*** Opening of Recorded data ***

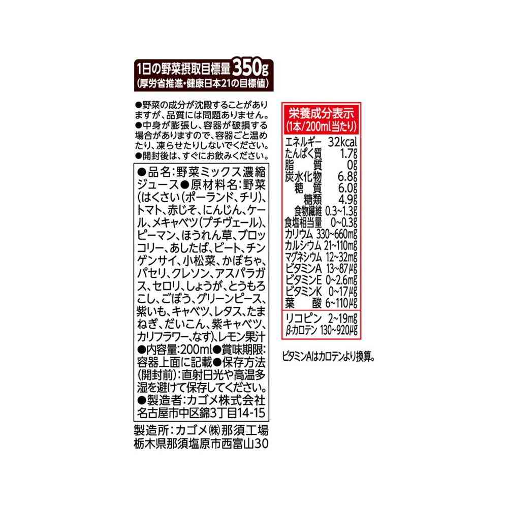 ■原材料名 野菜(はくさい(ポーランド、チリ)、トマト、赤じそ、にんじん、ケール、メキャベツ(プチヴェール)、ピーマン、ほうれん草、ブロッコリー、あしたば、ビート、チンゲンサイ、小松菜、かぼちゃ、パセリ、クレソン、アスパラガス、セロリ、しょうが、とうもろこし、ごぼう、グリーンピース、紫いも、キャベツ、レタス、たまねぎ、だいこん、紫キャベツ、カリフラワー、なす)、レモン果汁 ■栄養成分 1本(200ml)あたり エネルギー32kal たんぱく質1.7g 脂質6.0g 炭水化物6.8g 糖質4.9g 食物繊維0.3g 食塩相当量0~0.3g
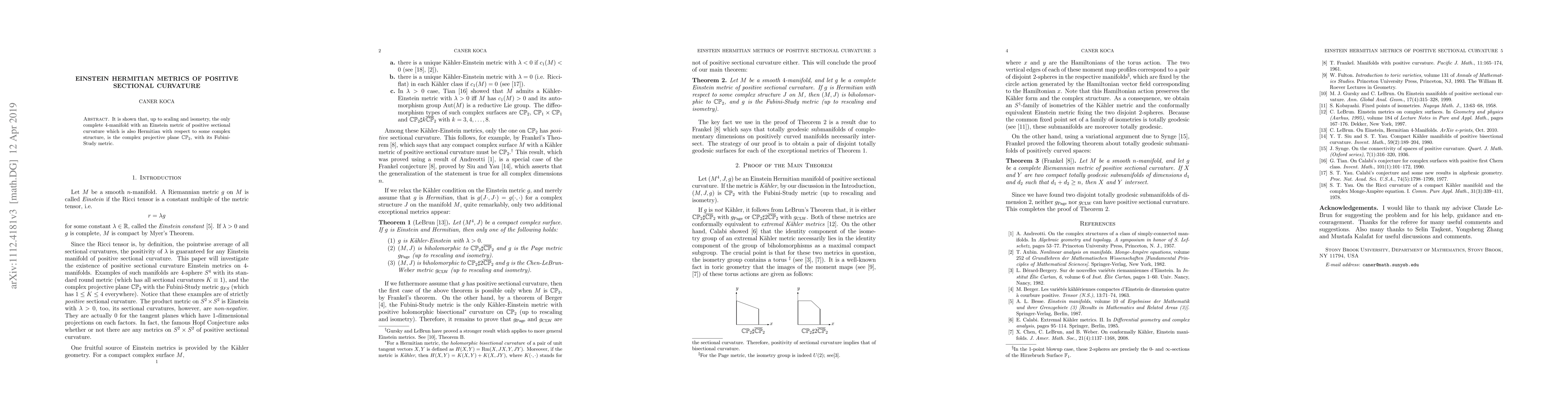 The research used a combination of existing results from Calabi, Frankel, LeBrun, and Tian to prove that the only compact 4-manifold M with an Einstein metric of positive sectional curvature which is also hermitian with respect to some complex structure on M, is the complex projective plane CP^2, with its Fubini-Study metric.
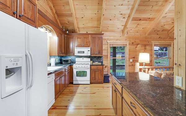 Experience the ultimate mountain retreat or full time home at a refreshing 3,000-foot elevation in the picturesque "Valley Above the Clouds". This beautifully crafted log cabin features 3 bedrooms and 2 baths, designed with an open floor plan that blends rustic charm with modern comfort. The main level boasts rich yellow pine floors, while the terrace level showcases elegant stone flooring. The great room is a showstopper, with vaulted wood ceilings, exposed beams, and a striking stone masonry fireplace...perfect for cozy mountain evenings. Granite countertops in the kitchen and bathrooms add a touch of sophistication to the cabin's warm, rustic aesthetic. The master bedroom and living area open onto a spacious porch, ideal for entertaining or simply relaxing while soaking in the crisp mountain air and mountain views! Downstairs, the terrace level offers two additional bedrooms, a bathroom, and a versatile rec room with a wet bar. Practical features include a concrete safe with a steel door, a utility room with a washer and dryer, and a full-house propane generator for uninterrupted comfort. A paved, private, gated driveway ensures both privacy and security. With a bit of tree trimming, the property has the potential for breathtaking long-range views. Shared well and additional property available adjoining the National Forest. Outdoor enthusiasts will love the location--just a short walk to the National Forest and only five minutes from Lake Winfield Scott and the Appalachian Trail, offering endless opportunities for hiking, fishing, and exploring. Whether you're seeking a full-time residence or a peaceful mountain getaway, this exceptional property offers the perfect blend of seclusion, comfort, and adventure. Adjoining acreage properties are MLS#412811 (4.83 acres) and MLS#412813 (7.34 acres)
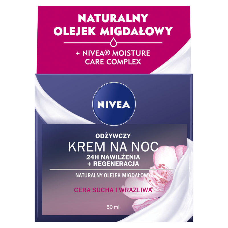 24H NAWILŻENIA ODŻYWCZY KREM NA NOC CERA SUCHA I WRAŻLIWA NIVEA® Odżywczy Krem na Noc 24H Intensywnego nawilżenia + Regeneracja zawiera wyjątkową formułę : NIVEA® Moisture Care Complex, Naturalny olejek migdałowy, Masło shea i Antyoksydanty.Intensywnie nawilża skórę do 24 godzin, przywracającjej naturalną równowagę i właściwy poziom nawilżenia. Głęboko odżywia i dzięki bogatej formule wygładza Twoją cerę. Wspomaga naturalny proces nocnej regeneracji skóry. Chroni skórę przed stresem oksydacyjnym i wolnymi rodnikami następnego dnia.

*** Close of Recorded data ***

→ Required work:
Please reproduce the listing exactly from its opening line through the line that contains "The research used", both included, with all pictures omitted.

→ Problem solution:
 ■原材料名 野菜(はくさい(ポーランド、チリ)、トマト、赤じそ、にんじん、ケール、メキャベツ(プチヴェール)、ピーマン、ほうれん草、ブロッコリー、あしたば、ビート、チンゲンサイ、小松菜、かぼちゃ、パセリ、クレソン、アスパラガス、セロリ、しょうが、とうもろこし、ごぼう、グリーンピース、紫いも、キャベツ、レタス、たまねぎ、だいこん、紫キャベツ、カリフラワー、なす)、レモン果汁 ■栄養成分 1本(200ml)あたり エネルギー32kal たんぱく質1.7g 脂質6.0g 炭水化物6.8g 糖質4.9g 食物繊維0.3g 食塩相当量0~0.3g
 The research used a combination of existing results from Calabi, Frankel, LeBrun, and Tian to prove that the only compact 4-manifold M with an Einstein metric of positive sectional curvature which is also hermitian with respect to some complex structure on M, is the complex projective plane CP^2, with its Fubini-Study metric.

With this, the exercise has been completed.